### Stored data
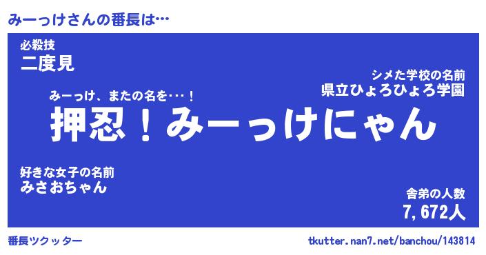 | 肩書あだ名 | 『みーっけ店長』『みーっけ大統領』 |
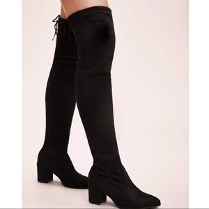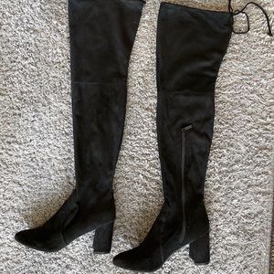 Black vegan suede over-the-knee boots with pointed toe and 2 inch heel. Super comfortable, only worn a few times! The top of the boot tightens with an adjustable draw string so it can fit any thigh! Zipper closure by ankle to get on/off really easily!
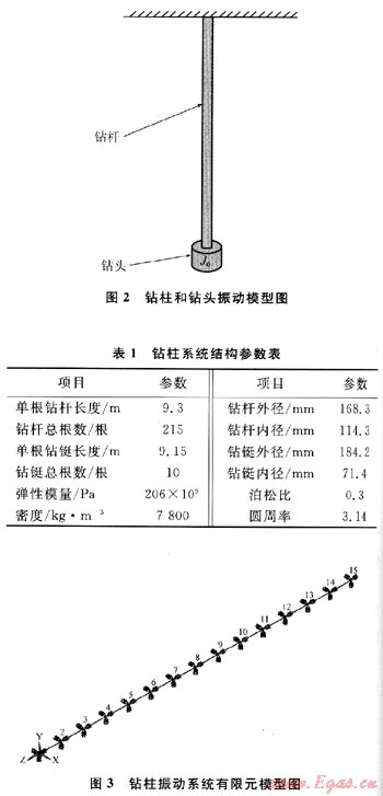目前國內(nèi)外專家對(duì)石油鉆井中鉆桿的失效原因、振動(dòng)特性等方面的力學(xué)機(jī)理進(jìn)行了研究[4~5],而深海大尺寸繩索取心專用鉆柱的受力與工作機(jī)理比石油鉆井用鉆柱更為復(fù)雜。因此需要全面深入的綜合研究。筆者主要結(jié)合當(dāng)前國內(nèi)外振動(dòng)理論方面的研究成果,從深海天然氣水合物鉆探取心的實(shí)際情況出發(fā),對(duì)鉆柱的振動(dòng)進(jìn)行模態(tài)分析,從理論上解決鉆柱的共振問題,以期對(duì)深海天然氣水合物的成功取樣提供幫助。
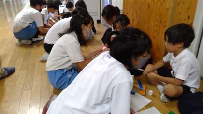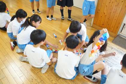 そして、次は場所を廊下や教室に移動してメインイベントの「輪飾り作り」です。1、2年生は6年生のお兄さんやお姉さんと一緒に作りました。隣の人の輪っかとくっつけ、それをまたつないで、1階、2階、3階で長い輪飾りができました。
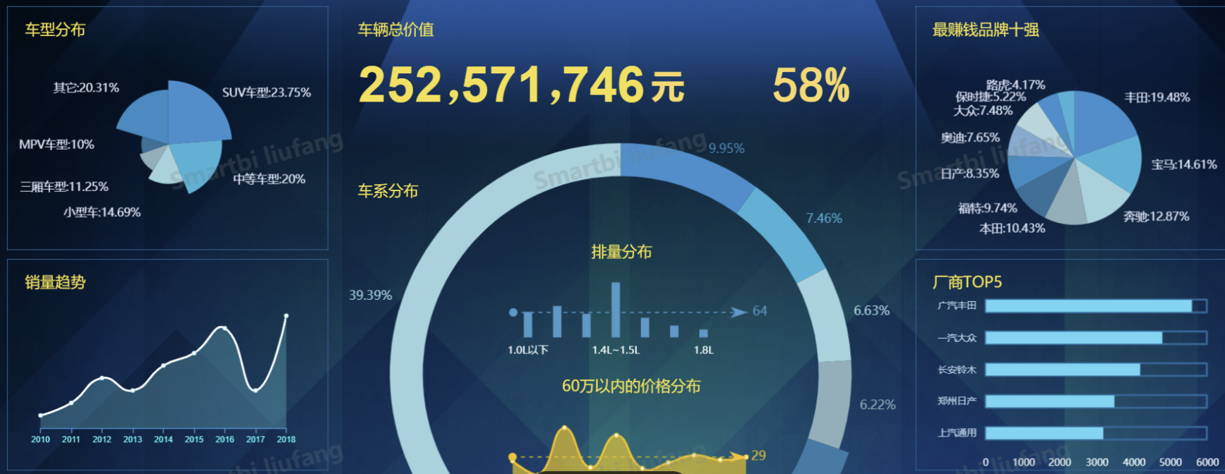(2)仪表盘:仪表盘是一种集成多个关键指标和图表的实时监控工具。它通常以图形化界面呈现,可以根据用户需求自定义显示内容,并提供实时更新和交互功能。仪表盘能够直观地展示企业关键业务指标的趋势和状态,使用户能够及时发现问题并采取相应措施。

### Requirement
Reproduce the lines above starting at the one with "Black vegan suede" and ending at the one with "目前國內(nèi)外專家對(duì)石油", both included, exactly and with no pictures.

### Reply
 Black vegan suede over-the-knee boots with pointed toe and 2 inch heel. Super comfortable, only worn a few times! The top of the boot tightens with an adjustable draw string so it can fit any thigh! Zipper closure by ankle to get on/off really easily!
目前國內(nèi)外專家對(duì)石油鉆井中鉆桿的失效原因、振動(dòng)特性等方面的力學(xué)機(jī)理進(jìn)行了研究[4~5],而深海大尺寸繩索取心專用鉆柱的受力與工作機(jī)理比石油鉆井用鉆柱更為復(fù)雜。因此需要全面深入的綜合研究。筆者主要結(jié)合當(dāng)前國內(nèi)外振動(dòng)理論方面的研究成果,從深海天然氣水合物鉆探取心的實(shí)際情況出發(fā),對(duì)鉆柱的振動(dòng)進(jìn)行模態(tài)分析,從理論上解決鉆柱的共振問題,以期對(duì)深海天然氣水合物的成功取樣提供幫助。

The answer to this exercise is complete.